Nonsense about "Being Digital"; Other Suggestions

Subject: Nonsense about "Being Digital"; Other Suggestions
From: John Gear <catalyst -at- PACIFIER -dot- COM>
Date: Mon, 22 May 1995 00:30:00 PDT

Someone wrote (in a review of "Being Digital" by Negroponte):

> He suggests
>that the revolutionary state we now inhabit is one in which the *bit*
>is to be distinguished from the *atom*. That is, information
>encoded and transmitted electronically in binary form needs no
>material existence, whereas its physical realisation in print, film
>stock, or VCR is earth-bound and cumbersome. The bit can be
>transmitted instantly, globally, and virtually cost-free, whereas its
>tangible version in atoms immediately requires physical production,
>distribution, and storage. The future, he claims, is digital.
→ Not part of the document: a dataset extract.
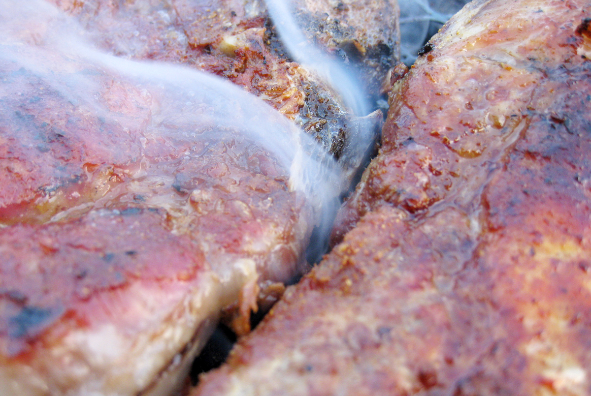 Zout en peper de karbonade van te voren. Verwarm een grote pan met de olijfolie en roomboter. Schroei hierin de karbonades dicht en schep er de sjalotjes, knoflook, tijm en bruine suiker bij. Zet het gas iets lager en braad in nog ongeveer 5 extra minuten de karbonades mooi gaar. Laat ze nog 3 minuten rusten met wat aluminiumfolie er over. Serveer met een tomatensaus en wat krokant gebakken ciabattabrood.

Does it strike anyone else as bizarre that digital advocates--dig-its for
short?--are most often quoted for the things they say that are nonsense?

The "bit" does not exist independent of a electronic medium and cannot be
transmitted anywhere, at any speed, without a fantastically expensive
infrastructure that requires physical production, distribution, storage,
and, oh yes, let's not forget, *marketing*.

I was going to rant a while but instead I'll refer anyone interested ... and
it probably should include anyone who avers an interest in technical
communications ... to two works:

1. "Amusing Ourselves to Death"--Neil Postman, 1985, Viking, ISBN 0 14
00.9438

2. "The Image" by Daniel Boorstin (my copy not handy but recently reissued
for its 25th anniversary with an afterword by--*gag*--George Will).

Postman is a professor of communications and has some terrific, important
things to say about what "being digital" has meant so far and how it is
changing public discourse.

Boorstin was the Librarian of Congress and wrote "The Discoverers" and "The
Creators" and a *great* three-volume US history ... but even so, "The Image"
is the one to read if you're reading only one. *ASTOUNDINGLY* prophetic
about the replacement of the real event with the pseudo-event, the
supplanting of the person of importance with the "celebrity" (who Boorstin
defined as "someone who is well-known for being well-known" -- Kato who?)
and, relevant to this discussion, the fake experience (that can be packaged
and sold to the masses) as a substitute for the real experience (which has a
nasty way of requiring that you unplug your TV or modem, making you
unavailable to advertisers).
John Gear (catalyst -at- pacifier -dot- com)

The Bill of Rights--The Original Contract with America
Accept no substitutes. Beware of imitations. Insist on the genuine articles.